For a more detailed evaluation of speech deterioration, we analyzed changes in speech acoustics across all experimental sessions. Based on speech spectrograms, we observed that daily medians of the formant frequencies F1 and F2 evolved significantly (p < 0.001) for certain vowels over the two-year study period. Figure 4B visualizes the progression of these formant frequencies for all three vowels, where light-to-dark coloring represents the number of days that have elapsed since electrode implantation. In particular, the phonation of the /a/ vowel showed a trend towards lower frequencies for F1 (slope = −0.084 Hz/day, P = 1.488 × 10^− 5^, 95%CI: [−0.121, −0.047], Fig. 4C), while the trend for F2 showed modest increases (slope = 0.055 Hz/day, P = 0.00261, 95% CI: [0.020, 0.091], Fig. 4D). We also observed a significant trend in F2 for the /i/ vowel (slope = −0.166 Hz/day, P = 1.610 × 10^− 5^, 95% CI: [−0.240, −0.092], Fig. 4D). All these changes in the respective formant frequencies can cause a reduction in the triangular vowel space associated with a decline in speech intelligibility (Fig. 4E, F).[29, 31]

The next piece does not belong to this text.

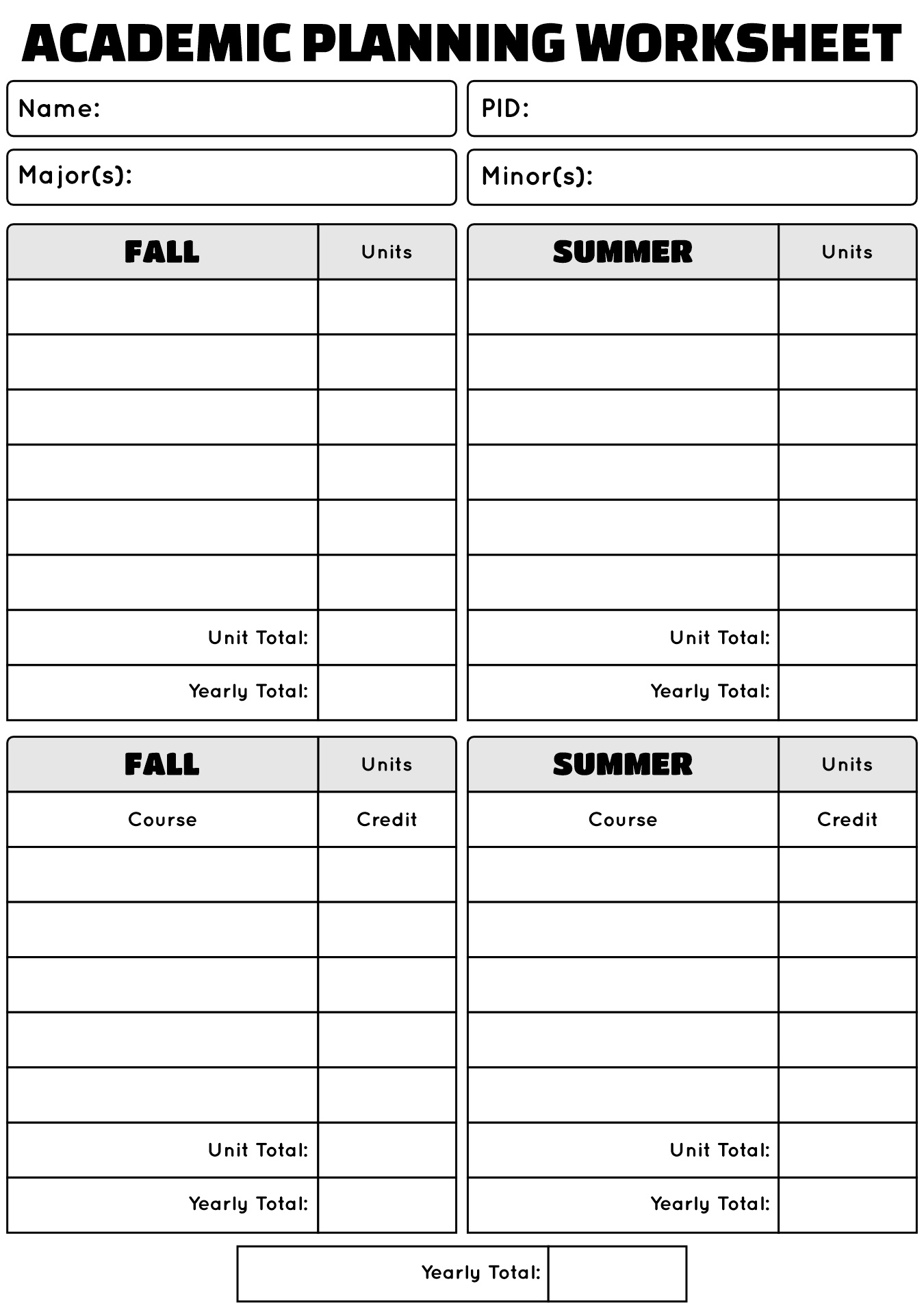 Begin mapping out your educational path with our easy-to-use academic plan worksheet!

We complemented the evaluation of speech acoustics with regular clinical assessment from a speech-language pathologist. Throughout the study period, biannual consultations reported that the participant presented with a stable mixed spastic-flaccid dysarthria and that diadochokinesis showed no major decline. However, those consultations also revealed variations in the maximum sustained phonation of vowels, consistent with the shifts in formant frequencies observed in the syllable-repetition data.
ECoG HG responses provided stable offline syllable decoding
Lastly, we evaluated the temporal stability of CNN models trained on HG responses to investigate whether articulation and neural signal quality affected decoding performance. As shown in Fig. 5A, the model trained on the first six months of data achieved relatively stable decoding accuracies (average: 55.67%, 95% CI: [53.99%, 57.34%]) throughout the 554-day test period, which was well above the chance level (8.33%). However, we also observed a significant decline in performance over test sessions in phase 2 (Fig. 5A; slope = −0.0193%/day, P = 2.10 × 10^− 4^). In contrast, the model trained on data from months 7–11 (late-trained) showed greater accuracy (mean accuracy: 65.90%, 95% CI: [64.20%, 67.59%]) and had no evident performance decline over time (Fig. 5B; slope = −0.0074%/day, P = 0.231). These results suggest that training data after 6 months supported more stable and reliable decoding models. Direct comparisons confirmed an improvement in the accuracy of the late-trained model (Δ = 8.8%, P < 0.001, Fig. 5C).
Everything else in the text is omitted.